Veel leesplezier

:
'Je moet het doen! Het zal iedereen blijer maken.' Zegt May.
'Nee, juist niet! Je zal iedereen pijn doen. Iedereen verdriet aandoen. Dit helpt niks!' Gilt Noa.
Ik schud mijn hoofd: 'Wat moet ik doen? Jullie zijn mijn beste vrienden. Zorg dat jullie het eens worden. Anders heb ik er niets aan.'
Ik hoor May en Noa zuchten.
Ze roepen tegelijkertijd: 'Ík heb gelijk. Dat weet je.'
'Wie moet ik vertrouwen? May, je hebt mij vaak geholpen, vaker dan Noa. Maar Noa zorgt er altijd voor dat ik én de anderen blij worden.'
'Vertrouw mij.' Zegt May liefdevol.
'Nee, mij. Je weet zelf wat goed voor je is.' Fluistert Noa.

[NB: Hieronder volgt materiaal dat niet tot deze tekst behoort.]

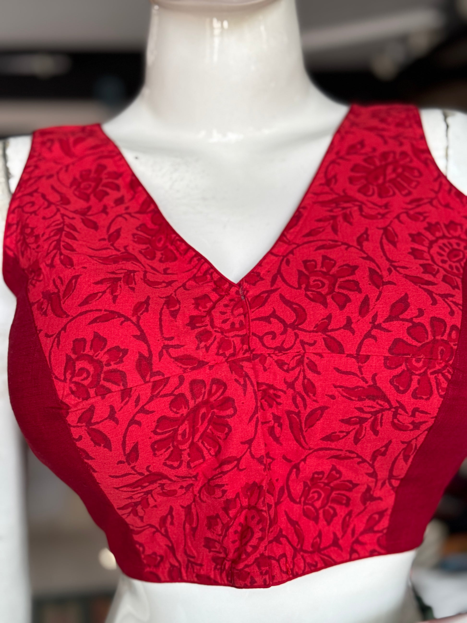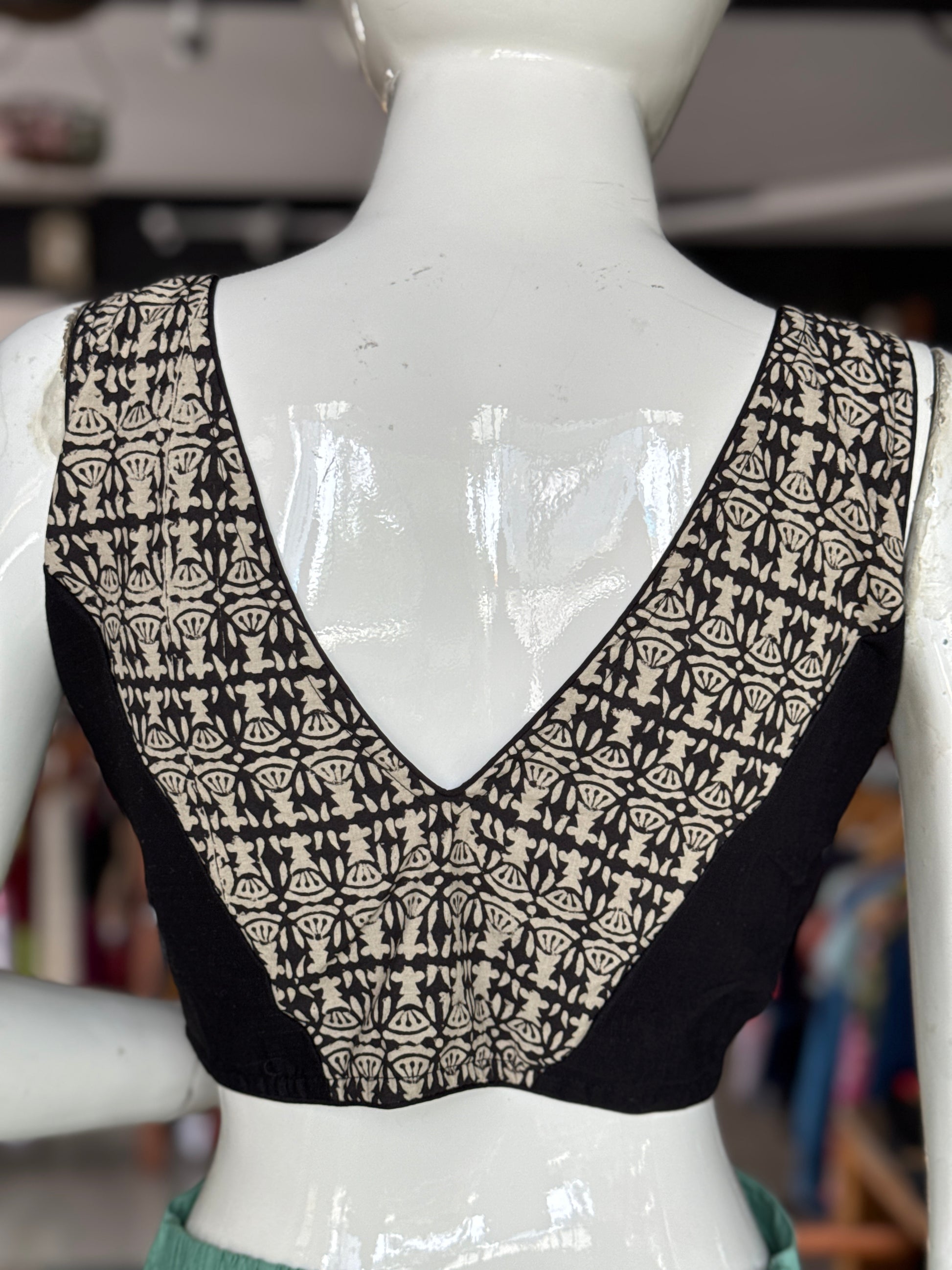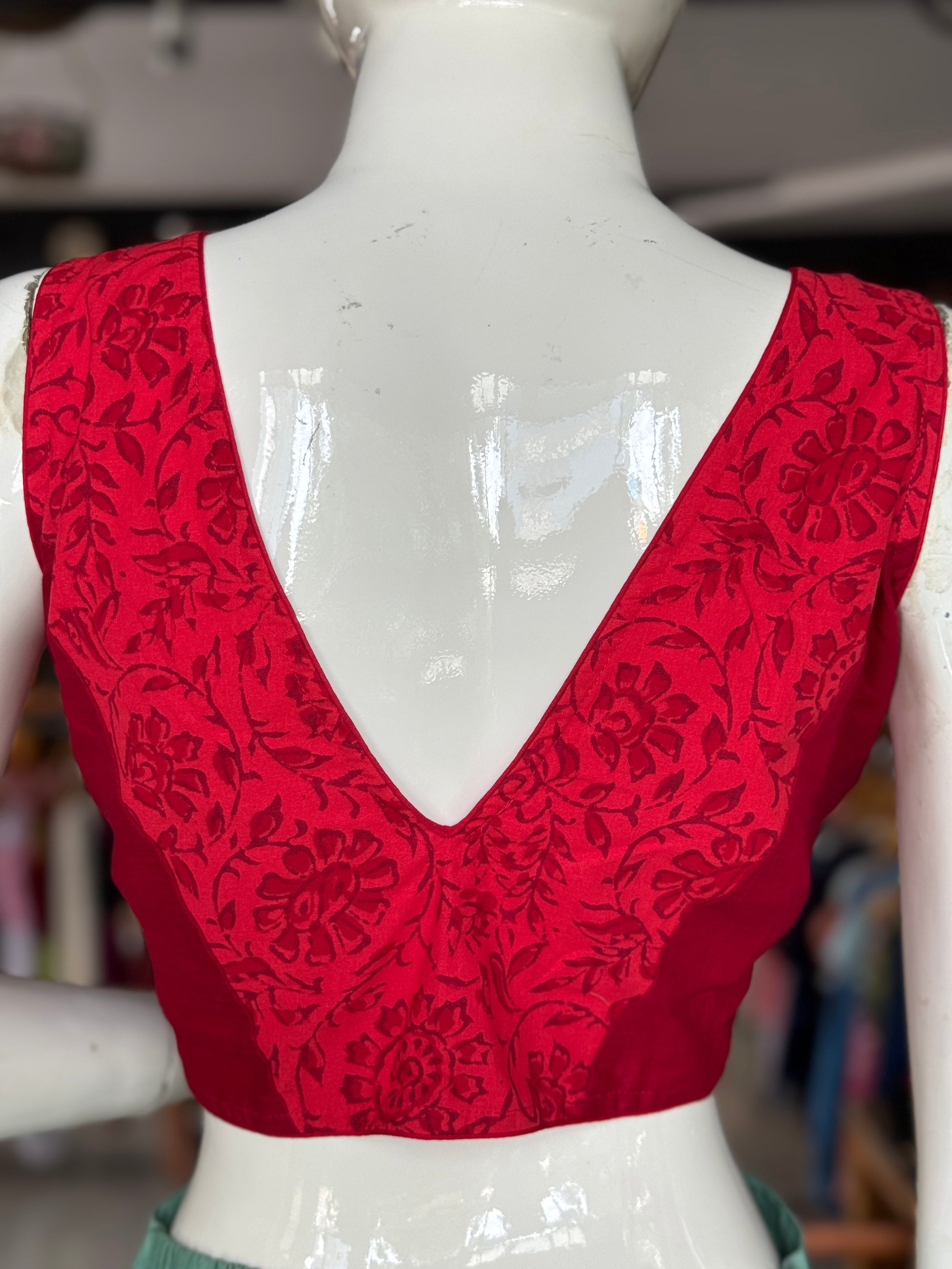 Princess cut cotton hand block printed sleeveless blouse - multiple designs available

Één enkele traan rolt over mijn wang. 'Als ik het gewoon laat gaan. Er niets aan zal doen, dan is het toch ook goed?'
Ik voel de woede van May en de glimlach van Noa.
May gromt, dat hoor ik niet vaak: 'Je móét het doen. Dat weet je!'
Ik open mijn mond om haar tegen te spreken maar de stem van Noa houdt me tegen: 'Ik wil dat je doet wat je goed lijkt, maar ik zeg je, wat May zegt klopt niet. Jezelf laten verdwijnen maakt niemand gelukkig. Misschien alleen jou. Maar denk ook aan wat je vrienden zullen zeggen en vinden.'
'Die lachen zich dood, dan zijn ze eindelijk van haar af.' Sist May.
Ik sta op en wil bij mijn ruzie makende vrienden weglopen. Maar ze zijn altijd al bij me. 'S ochtends, 's middags en 's avonds.
Altijd. Gewoon altijd.
'Probeer niet bij mij weg te lopen. Je weet dat, dat niet kan.' May gromt alweer.
'Doe alleen wat goed voelt.' Brengt Noa uit.
'Ga weg! Ga weg bij mij! Laat me alleen...' De tranen stromen over mijn wangen, 'Laat me eens alleen. Ik wil jullie niet bij me hebben.'
Die laatste zin komt er schreeuwend uit. De deur wordt met een ruk opengetrokken. Daar, in de deuropening, staat een in wit geklede man.
Hij is één van die vele die me proberen hier weg te krijgen. Maar ik wil niet. Ik wil dat ze Noa en May bij me weghalen. Met dat kalmeringsspul.
'Zijn ze er weer?' Vraagt de man met medelijden.
'Ja.' Ik knik heftig.
Mijn tranen vliegen in het rond.
'Waarom willen ze niet weg? Waarom laten ze me niet met rust?' Ik gil het uit.
'Schizofrenie gaat niet zo makkelijk weg. Waarschijnlijk nooit meer.'
Mijn mond valt open.
May heeft gelijk. Ik ben gestoord.
Per ongelijk heb ik dat laatste gezegd.
'Dat willen ze je laten geloven. Maar, we gaan proberen ze uit je hoofd te krijgen.'
'Dat lukt hem niet! Dat mag niet!' Sist May.
'Hopelijk wel. Dat is het beste voor Lyra.' Zegt Noa.
Ik voel hun tranen zich vermengen met die van mij.